Overview of the Method

InstaNAS is a multi-objective (OT and OA, we target accuracy and latency in our experiments) framework consists of two major componenets: a controller and a meta-graph:

The Instance-aware Controller -- Conventional NAS controller is only responsible for RL sampling process, thus only takes effect during the search phase. On the other hand, the controller of InstaNAS is instance-aware and plays an important role for both search and inference phase. In both stages, the InstaNAS controller takes the input sample and accordingly designs an architecture for the input sample. The controller is trained with policy gradient while considering multiple objectives. As a result, the controller tries to explore and find the best trade-off between the objectives in an instance-wise manner.

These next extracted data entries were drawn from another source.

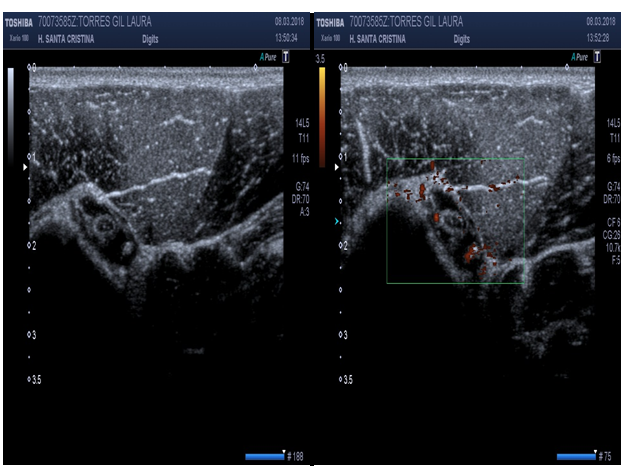Doppler evaluation may help discriminate vascularization on anatomical structures, then synovitis could be confirmed (Figure 19).
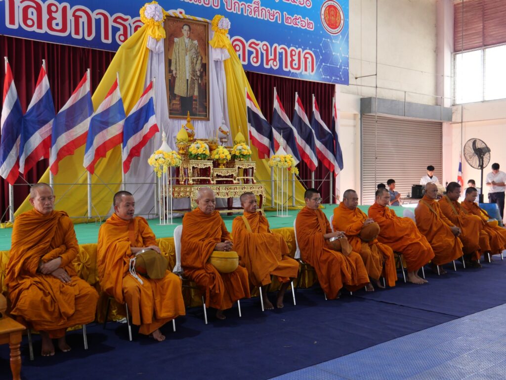 วันที่ 4 ธันวาคม 2567 นางศรัญญา สุขปลั่ง ผู้อำนวยการวิทยาลัยการอาชีพนครนายก พร้อมด้วย ผู้บริหาร คณะครู บุคลากรทางการศึกษา และนักเรียน นักศึกษา วิทยาลัยการอาชีพนครนายก ร่วมพิธีทำบุญตักบาตรถวายพระราชกุศล เนื่องในวันคล้ายวันพระราชมภพ พระบาทสมเด็จพระบรมชนกาธิเษศร มหาภูมิพลอดุลยเดชมหาราชบรมนาถบพิตร วันชาติ และวันพ่อแห่งชาติ ประจำปี 2567 ณ อาคารกีฬาอเนกประสงค์ วิทยาลัยการอาชีพนครนายก
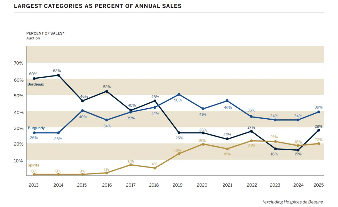 2025年葡萄酒二级市场各产区间的成交并不平衡,波尔多葡萄酒的市场份额几乎是2024年的两倍,达到总销售额的28%,而勃艮第葡萄酒仍然以39%的销售额领先。
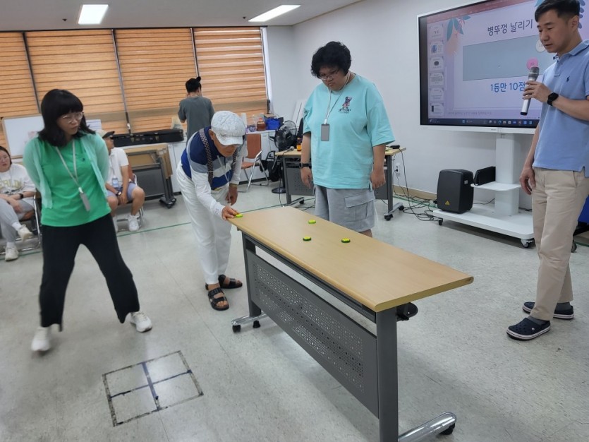 초성게임, 딱지치기, 그림으로 과자 맞추기 , 병뚜껑 날리기, 탁구공 맞추기, 9.99초 맞추기 손 위에 컵 올리고 떨어뜨리기, 돼지킁킁 등
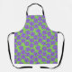Ce tablier a un motif ressort d'un champ de fleurs de perwinkle sur un arrière - plan vert.
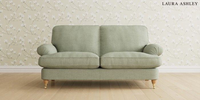 6.12.1 Buy Beaumaris by Laura Ashley 3 Seater Small Sofa Anneliese Sage Green Low Brass Castor - Light Oak from the Laura Ashley online shop Click here to use our website with more accessibility support, for example screen readers
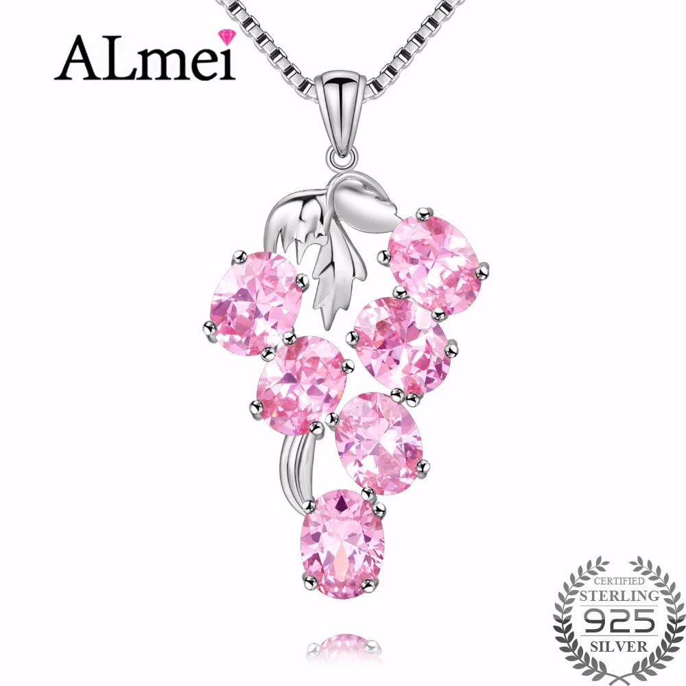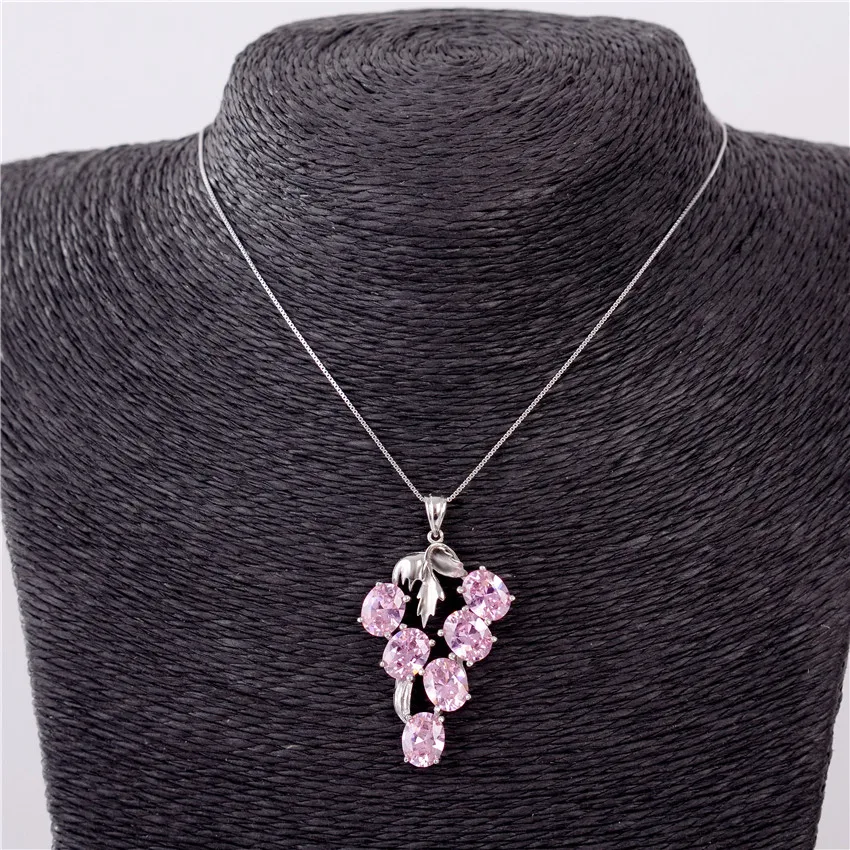 Pink Cubic Zirconia Grape Shape Pendant Genuine 925 Sterling Silver 6 Oval Zircon Fruit Summer Jewelry with Box CN014
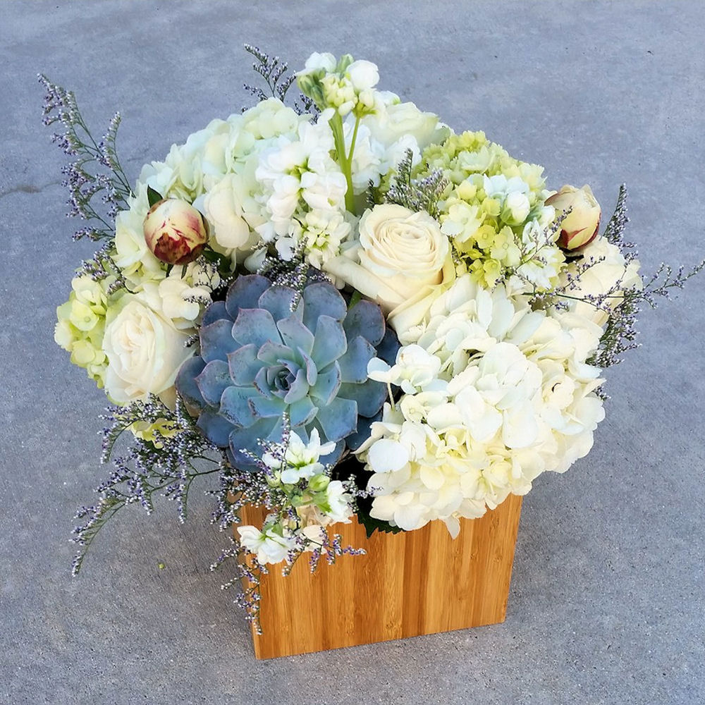 Гипсофила розовая – 6 шт.Роза белая – 5 шт.Гортензия белая – 3 шт.Маттиола белая – 3 шт.Пион – 2 шт.Эхеверия – 1 шт.Ящик деревянный – 1 шт.Гортензия зеленая – 1 шт.
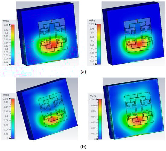SAR values at (a) 3.75 GHz and (b) 5.9 GHz.
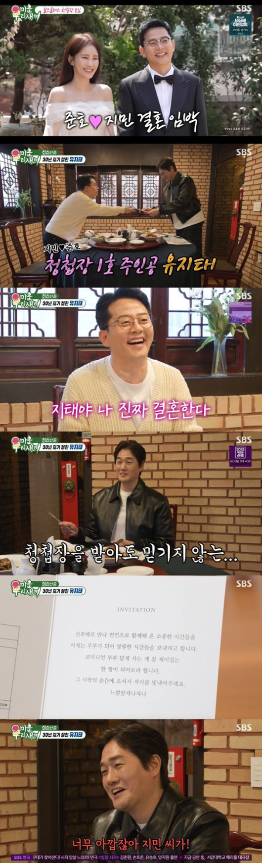 김준호의 청첩장을 받아 든 유지태는 "잘 어울린다. 축하한다"고 말했고, 김준호는 "반백살에 결혼할 줄은 꿈에도 몰랐다. 마지막 사랑을 하게 됐다"고 남다른 심정을 드러냈다.
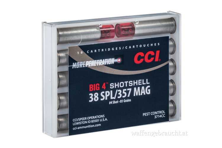 - Die CCI Schrotmunition .357 Mag. 5,40g Shotshell 3,30mm Pest Control ist speziell für die Schädlingsbekämpfung konzipiert.
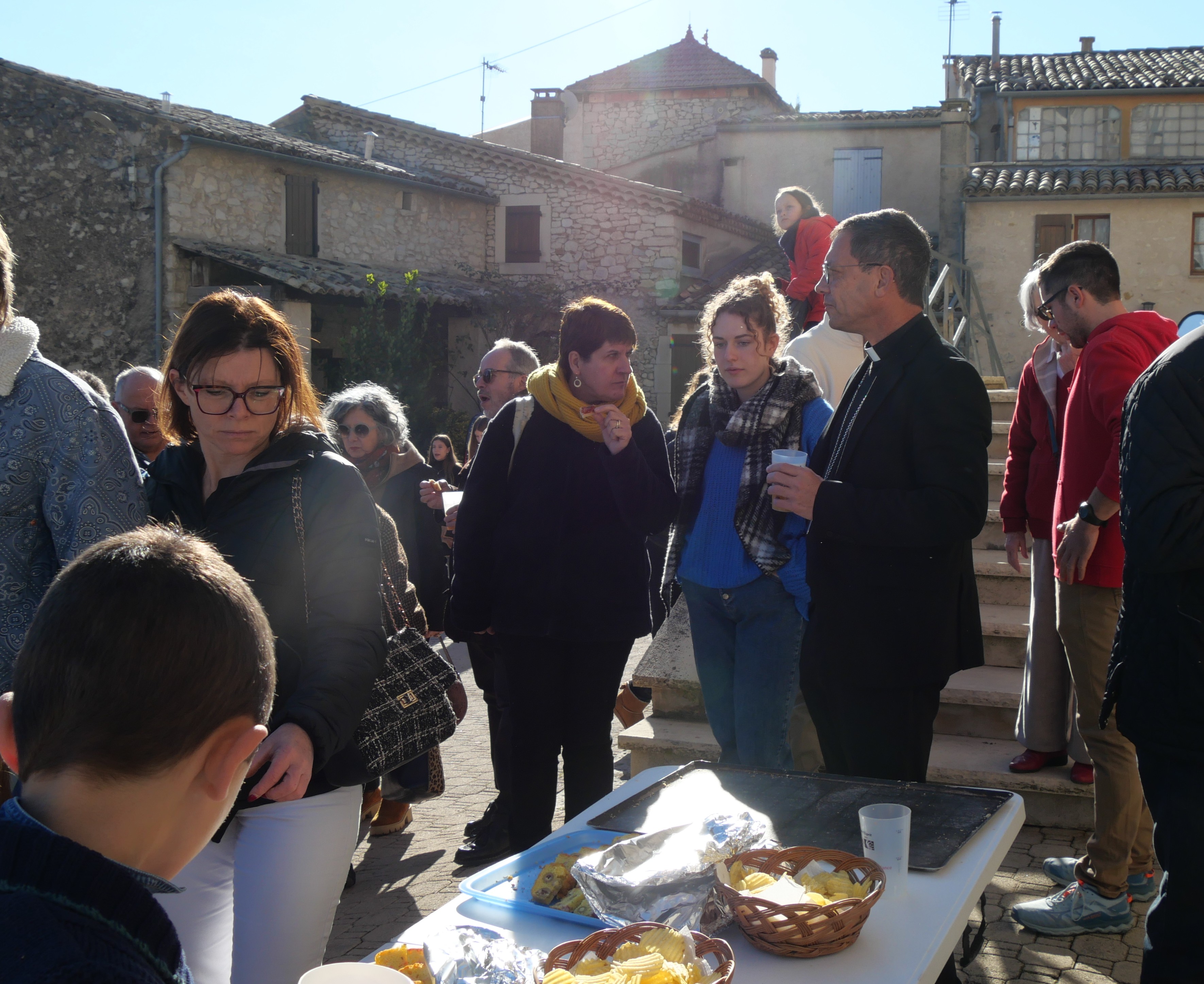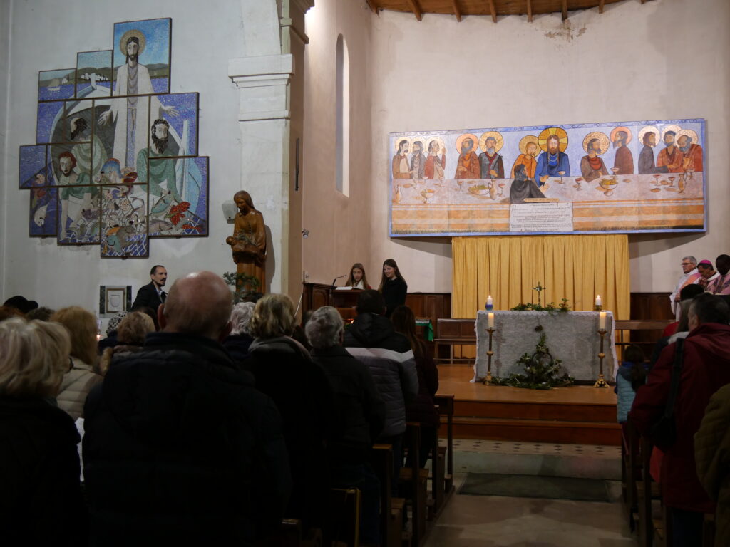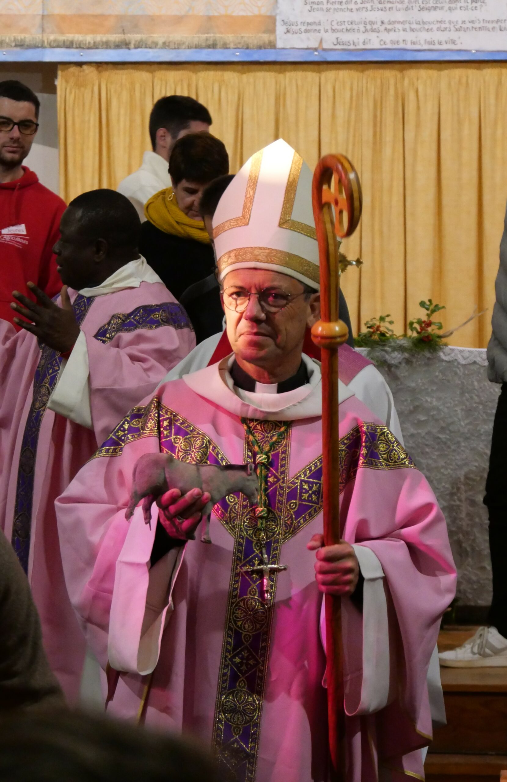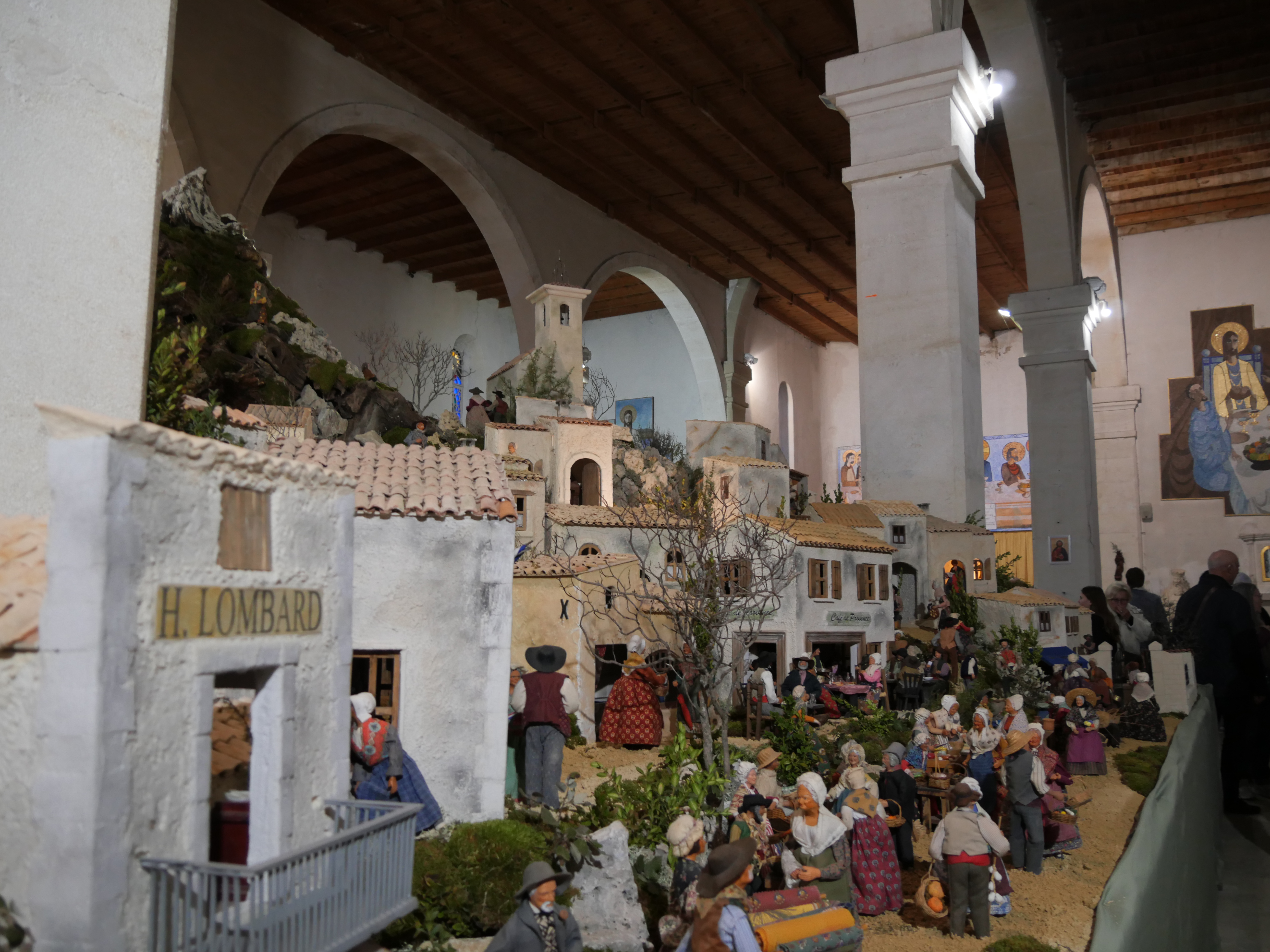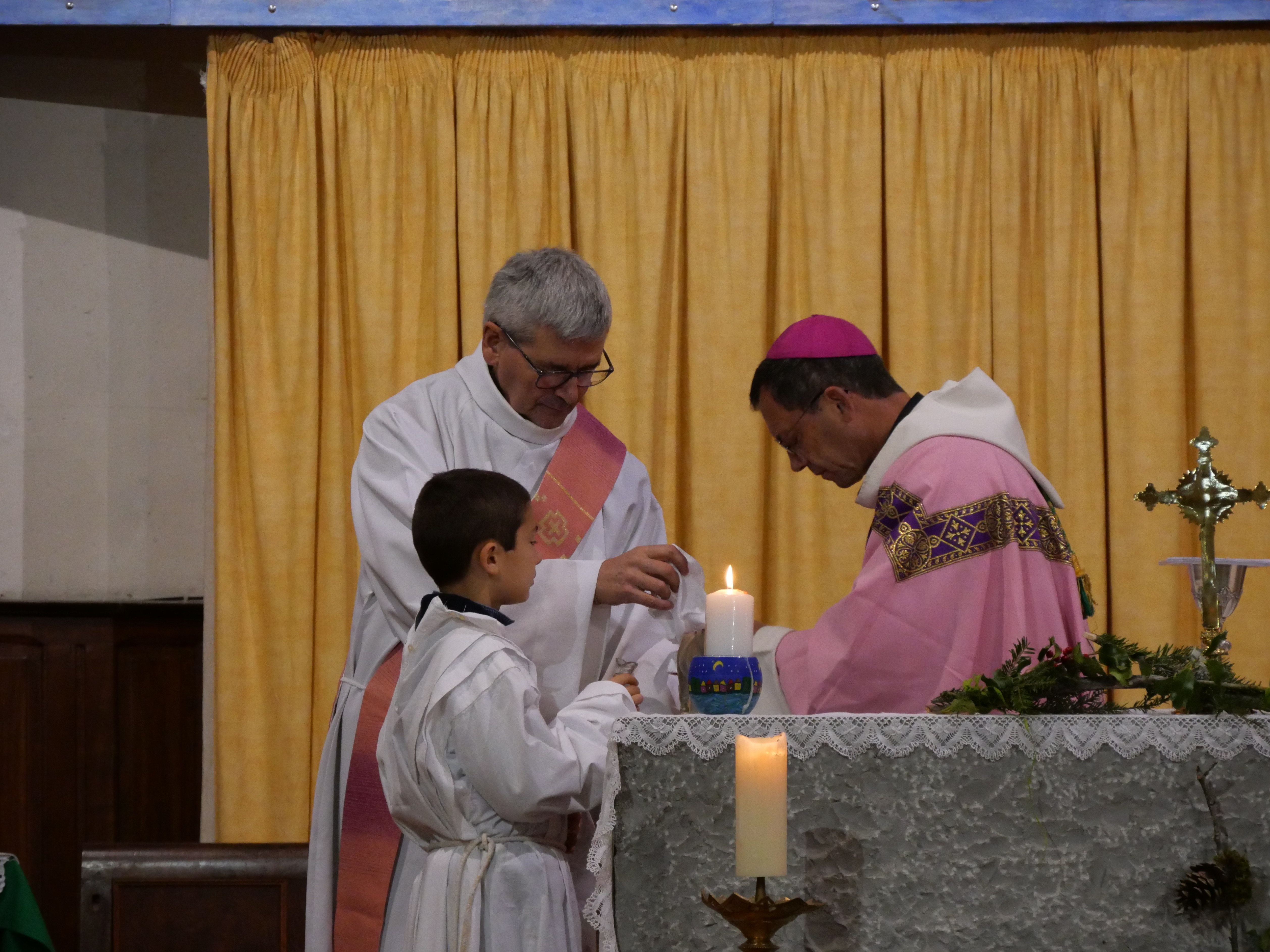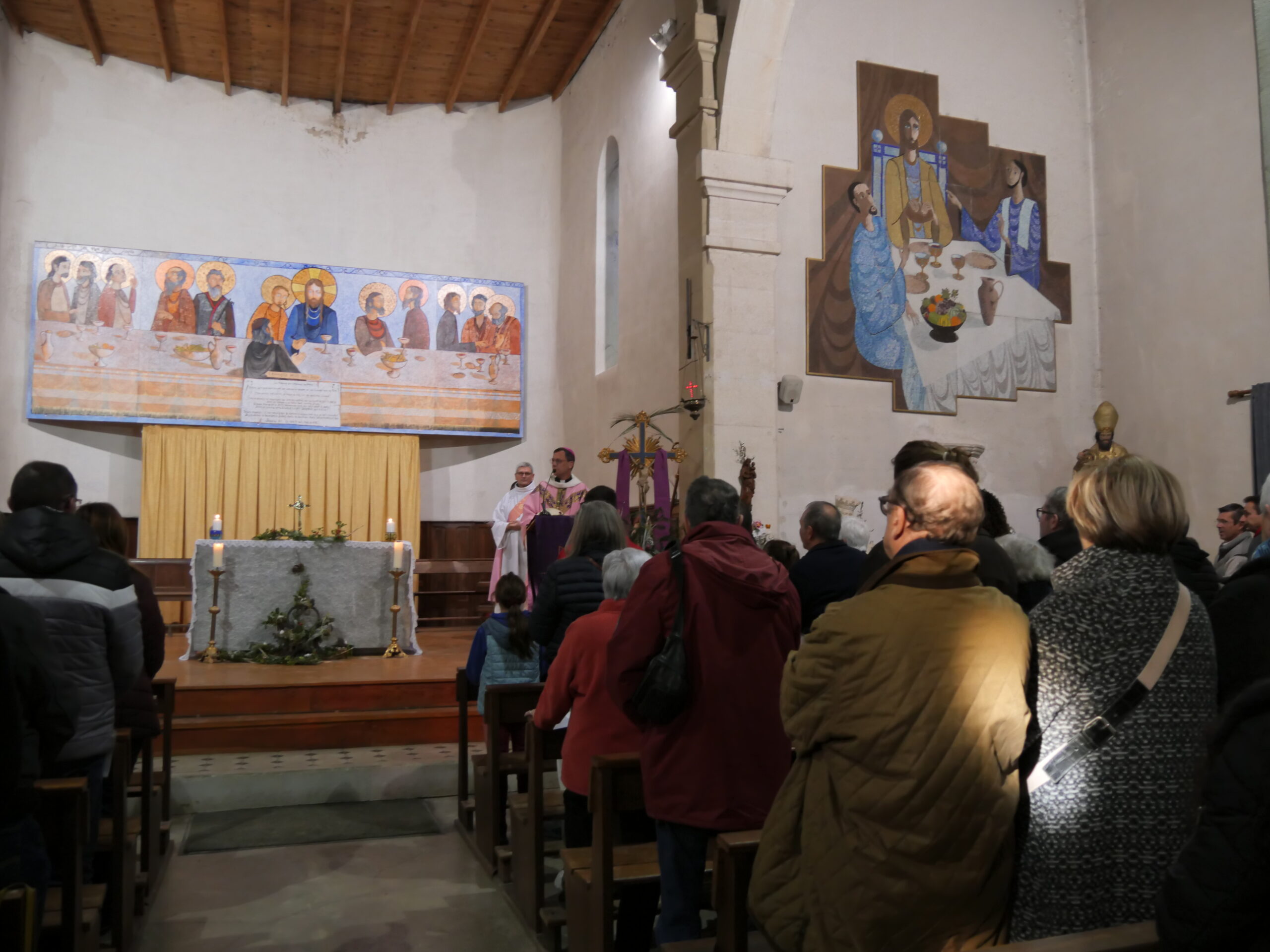 dimanche 14 décembre 2025, inauguration de la crèche de Banon, messe célébrée par Mgr Gobilliard Mgr rencontre Carlos, principal crèchiste.

The One-Shot Meta-Graph -- Many recent NAS frameworks [1][2][3] share the similar concept of constructing weight-sharing meta-graph. InstaNAS inherits the same line of research. However, different to existing works, InstaNAS controller training insists random exploration within the meta-graph. To resolve this problem, we propose to utilize the recently proposed one-shot architecture search [2] to pre-train our meta-graph. With such a pre-training strategy, any randomly sampled architecture becomes a valid architecture with decent accuracy, thus the controller can receive stable and correct reward to learn with policy gradient.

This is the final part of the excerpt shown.